あっちへ行ったりこっちへ来たり、夢は女優と心に決めて、モデル業はほぼ引退したものの、まだ迷いの吹っ切れない北川景子にとって、真っ直ぐの一本道を歩んできた安座間美優は、なんと言うか、ものすごくまぶしい存在なのである。それで、そんなふうに自然体に生きてきた安座間さんから、凹んでいる自分にちょっと元気を分けてもらおう、と思ったら、案の定「景子を応援してる人も楽しみにしてる人もたっくさんいるから、自信もって楽しんでやるのだ!」と、まるでバカボンのパパのような口調で、力強く応援してくれたのである。安座間美優の言葉は、有無を言わせぬ幸福感を聞く者の脳に注入する。これは先日のトークライブで私も身をもって体験したところだ。かくして、北川景子は、自然体で正しく人生を生きる安座間美優の正しい言葉から、前向きに顔を上げるポジティブなパワーをさずかったのである。安座間さんって偉いなあ。
ということはともかく、そういう安座間美優に対する北川景子の思い(推定だが)を考えれば、北川さんが安座間さんのことを「元セーラー戦士仲間」ではなく、「モデル時代からの親友」と紹介するのは当然のことだ。北川さんにとって、安座間さんは初めてあった時から今まで、生粋のモデルなのである。

4. 結末


さあそして決め手のひと言だ。

さらにCXのプロデューサーの村瀬さんにお会いした際に
『どうして私がキャスティングされたのかわからない。』
と正直に話すと、
キャスティングの決め手を話してくださいました。
(ここに書くのは長くなるのでやめておきますが、)
一人一人のキャスト全員がきちんとした理由があって選ばれているということが分かって、
とても嬉しく思いました。


結局これだ。どうしてこのドラマに自分が必要なのか、なぜ私が選ばれたのか、プロデューサー(村瀬健)からきっちりと説明されて、ようやく北川景子は全面的に前向きになる。やれやれ。
さて、徹夜しちゃって朝になってきたので、そろそろ強引に結論に結論にもっていく。

なぜ北川景子は月9ヒロインと言う事実に素直に喜んだり、プレッシャーを感じたりする前に「自分にドラマに出る資格があるのか」などと、今さらのようにくよくよ悩むのか。あるいは、選ばれたチャンスを精一杯活かそうとか、そういう理由で単純に納得できないのか。そしてなぜ北川景子は、この2年ほどの間、何本もの映画出演のキャリアを踏んだにもかかわらず、ドラマの主演にこれほどのプレッシャーを感じるのか。
もちろん根本的な理由は彼女の性格にある。しかしセーラームーンも、かなり大きな要因になっている、と私は思う。
番組放送開始前に放送されたメイキング『メイクアップ!〜少女がセーラー戦士に変わるまで〜』をご覧になった方なら、制作発表記者会見終了後、抜き打ちで台本の読み合わせをやらされて、田崎竜太から冷静かつ厳しく「みんなそれぞれ課題があるよね。今はまだ完成度が低いです」と言われている5人の姿を憶えておられることと思う。あと、以前も引用したけど、『Act.ZERO』の特典映像(ロケ地めぐり)で、田崎竜太・沢井美優・渋江譲二のこんな会話もありましたよね。

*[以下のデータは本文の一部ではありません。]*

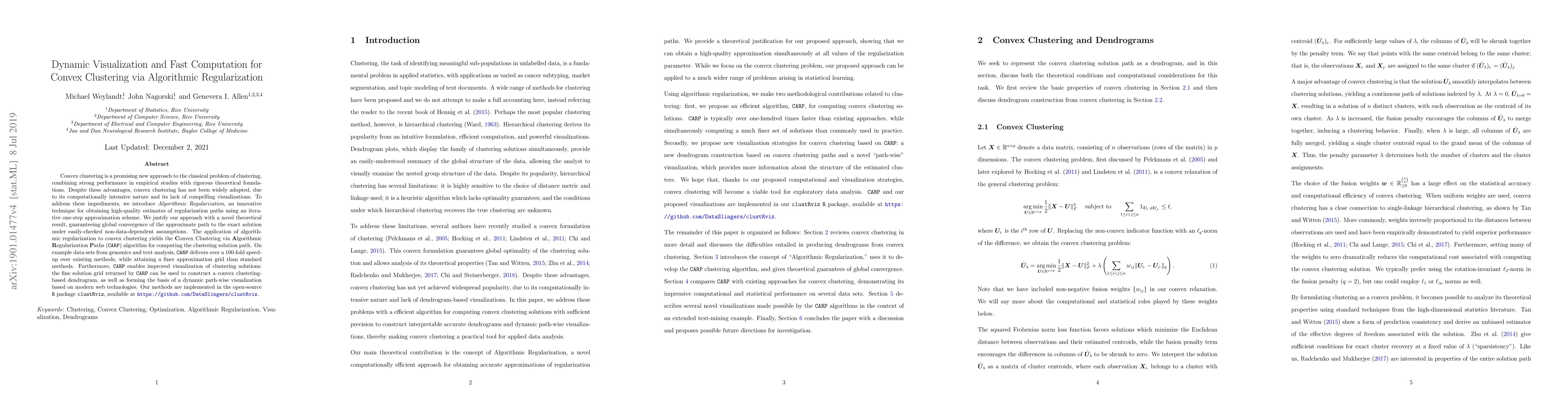 This paper introduces Algorithmic Regularization to accelerate convex clustering, resulting in the CARP algorithm that offers a 100-fold speed-up over existing methods while maintaining high-quality clustering solutions. It also enables dynamic visualizations for better interpretation of clustering results.
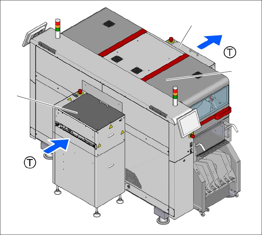 1 Einleitung Montage- und Betriebsanleitung SIPLACE TX 1.2 Übersicht Shuttle Extension Ausgabe 11/2018 8 1.2.2 Shuttle Extension an der T ransporteingabeseite des SIPLACE Automaten 1 Abb. 1.2 - 2 Shuttle Extension- Ausga…
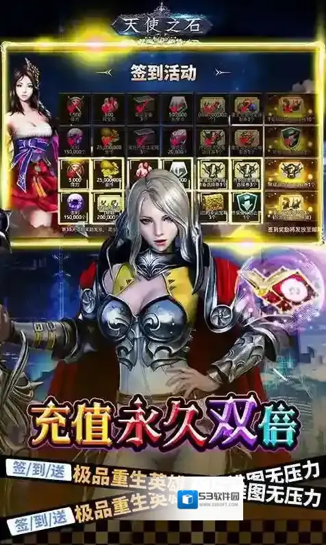 3、充值永久双倍,连续登陆签到再送顶级重生英雄,碾压推图无压力
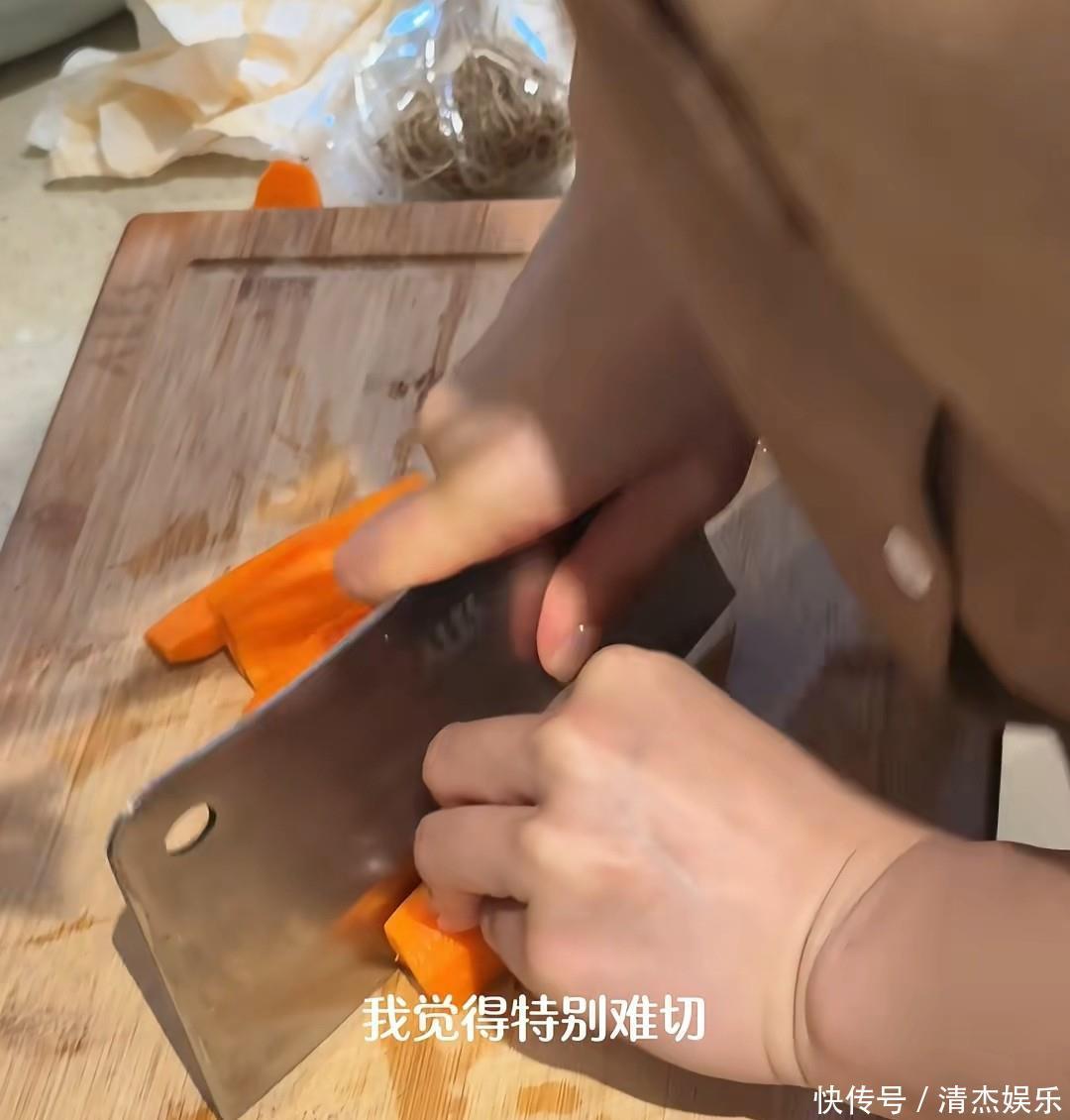 在第一步准备食材切菜的时候,袁姗姗就遇到了难题,胡萝卜太硬她那五指不沾阳春水的手切不动,
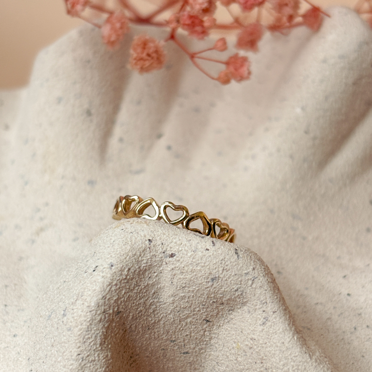 Złoty pierścionek z motywem serc to wyjątkowy symbol miłości i elegancji.
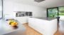 Das Interieur wurde einschließlich der Küche zusammen mit den Bauherren geplant und in einer Kombination aus vorfabrizierten Möbeln mit Ergänzungen vom Tischler umgesetzt.
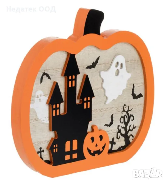 Декорация за маса дървена 2D тиква за Хелоуин с кула, призраци и прилепи.

田崎「鈴村君が、初めてセーラームーンをやるというので(東映の)No.8(スタジオ)に見学と挨拶に来たとき、ライダーで一緒だった田崎が、“オラァ!あざまー”とか声を荒げていてビックリした、というのを聞いたことはありますね」
沢井「だから、みゅうちゃんと景ちゃんはすっごい怖がってました」
渋江「景ちゃん、そうだ、そんなこと言ってたよ。中打ち(中打ち上げ)で“久しぶりに田崎さん来るんだって”って言ったら、“えっ、ウソ、わたし怒られる”って(笑)」



これが女優・北川景子の原点である。「いいねー、いいねー」とおだてて誉めて、モデルの気分を良くして、良い表情やポーズを引き出そうとするのがカメラマンの基本なら、ダメ出しを重ねて、プレッシャーをかけて、その俳優のもつ潜在的な才能をひきずり出そうとするのが、演出家や監督の基本である。北川景子は前者の世界から後者の世界に入って、田崎竜太をめちゃくちゃ怖がりながらも、そういう世界にあこがれた。びしばし叩かれて、自分のなかに潜んでいるものを引っ張り出してもらえる演技の世界に、より魅力を感じたのだ。
でもそういう、つらかったり大変だったりしたセーラームーンの一年間を原点と考えるがゆえに、「ドラマ」への出演は、北川景子に、映画出演とはぜんぜん異なるプレッシャーを与えた。北川さんにとってドラマとは、作品の設定、各キャラクターの必然性、演技の心構え、そんなあれこれを、びしばしたたき込んでくれる修行道場のような場なのである。
ところが、そういう「新人を初歩から一年間じっくり鍛える」やり方は、いまでは特撮ものというジャンルにしか許されていない。『モップガール』が放映されていた週末の深夜枠ならいざ知らず、ゴールデンのドラマというのは、11話かそこらで終わるし、視聴者の多くも、俳優の成長をじっくり見守るこらえ性を失っている。だから、台本を渡せばすぐにそこそこ演じられる「できあがった」プロの役者と、とりあえず数字を稼げるアイドルを揃えた、厳しさも緊張感もないテレビドラマが量産される(推定)。でもドラマ3作目の北川景子は「どうして私が」と思う。生徒役だったらもっと楽しい気持で臨めたろうけど、先生で、しかもヒロインで、主役の織田裕二と同じ国語の先生という、ややこしい役だ。こんなややこしい役が、なぜ自分のところに来たのか、説明してほしい。
セーラームーンだったら、田崎監督がじっくり説明してくれた。でも今回はゴールデンの注目ドラマなので、どっちかというとマスコミ対応が忙しく、自分の役の意味を考えることもできないし、どうしていいのかわからない。まあそういうあれやこれやがあって、おそらく北川景子は混乱してしまったのである。それが要するに、この2008年6月11日の記事だと思う。字数を費やしたわりに舌足らずな説明ですまないが、私はこれを読んで、北川さんは本当に、セーラムーンの一年間を大切に思っているんだなあ、と深く感動した。
とにかくがんばれ、北川景子。



以上を踏まえて、マスコミは「女優の安座間美優」とか書くのを金輪際やめて欲しい。って、今日は北川さんの記事だったのになんでこういう結論に。